4. Teach your kids that “no” and “stop” are important words and should be honored. One way to explain this may be, “Smriti said ‘no’, and when we hear ‘no’ we always stop what we’re doing immediately. No matter what.”
Also teach your child that his or her “no’s” are to be honored. Explain that just like we always stop doing something when someone says “no”, that our friends need to always stop when we say “no”, too. If a friend doesn’t stop when we say “no,” then we need to think about whether or not we feel good, and safe, playing with them. If not, it’s okay to choose other friends.
If you feel you must intervene, do so. Be kind, and explain to the other child how important “no” is. Your child will internalize how important it is both for himself and others.
5. Encourage children to read facial expressions and other body language: Scared, happy, sad, frustrated, angry and more. Charade-style guessing games with expressions are a great way to teach children how to read body language.
6. Never force a child to hug, touch or kiss anybody, for any reason. If Grandma is demanding a kiss, and your child is resistant, offer alternatives by saying something like, “Would you rather give Grandma a high-five or blow her a kiss, maybe?”
You can always explain to Grandma, later, what you’re doing and why. But don’t make a big deal out of it in front of your kid. If it’s a problem for Grandma, so be it, your job now is doing what’s best for your child and giving them the tools to be safe and happy, and help others do the same.
7. Encourage children to wash their own genitals during bath time.
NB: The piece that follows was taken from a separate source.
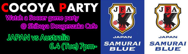 This is a hot event!!! If you love football, better get coming to the party!! Those who love football will gather that day and watch the final qualifier of FIFA world cup!!! On that day there's the match between Japan and Australia. The venue has 5 big TVs and a projector. You can more enjoy the game there than alone at home!! We're waiting for your reservation!!!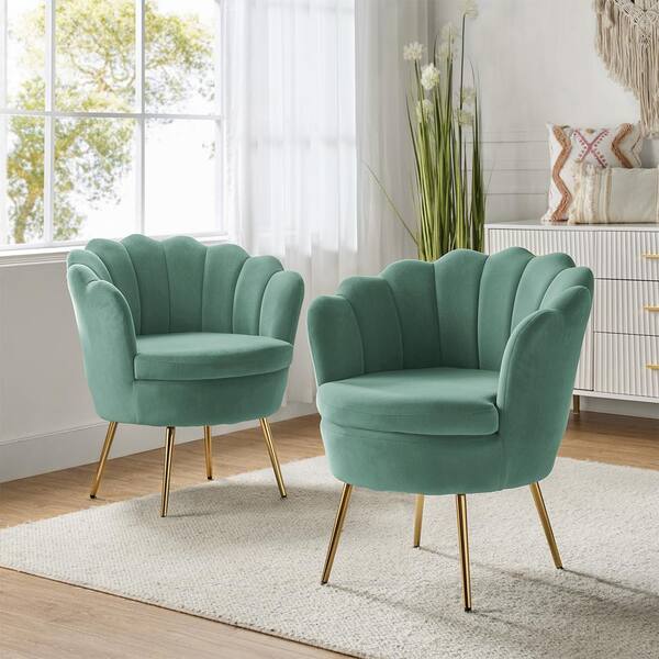 Fidelia Sage Tufted Barrel Chair with Scalloped Seashell Edges (Set of 2)

Of course parents have to help sometimes, but explaining to little Joe that his penis is important and that he needs to take care of it is a great way to help encourage body pride and a sense of ownership of his or her own body.
Also, model consent by asking for permission to help wash your child’s body. Keep it upbeat and always honor the child’s request to not be touched.
“Can I wash your back now? How about your feet? How about your bottom?” If the child says “no” then hand them the washcloth and say, “Cool! Your booty needs a wash. Go for it.”
8. Give children the opportunity to say yes or no in everyday choices, too. Let them choose clothing and have a say in what they wear, what they play, or how they do their hair. Obviously, there are times when you have to step in (dead of winter when your child wants to wear a sundress would be one of those times!), but help them understand that you heard his or her voice and that it mattered to you, but that you want to keep them safe and healthy.
9. Allow children to talk about their body in any way they want, without shame. Teach them the correct words for their genitals, and make yourself a safe place for talking about bodies and sex.
Say, “I’m so glad you asked me that!” If you don’t know how to answer their questions the right way just then, say, “I’m glad you’re asking me about this, but I want to look into it. Can we talk about it after dinner?” and make sure you follow up with them when you say you will.
If your first instinct is to shush them or act ashamed, then practice it alone or with a partner. The more you practice, the easier it will be.
10. Talk about “gut feelings” or instincts. Sometimes things make us feel weird, or scared, or yucky and we don’t know why. Ask your child if that has ever happened with them and listen quietly as they explain.
Teach them that this “belly voice” is sometimes correct, and that if they ever have a gut feeling that is confusing, they can always come to you for help in sorting through their feelings and making decisions. And remind them that no one has the right to touch them if they don’t want it.
11. “Use your words.” Don’t answer and respond to temper tantrums. Ask your child to use words, even just simple words, to tell you what’s going on.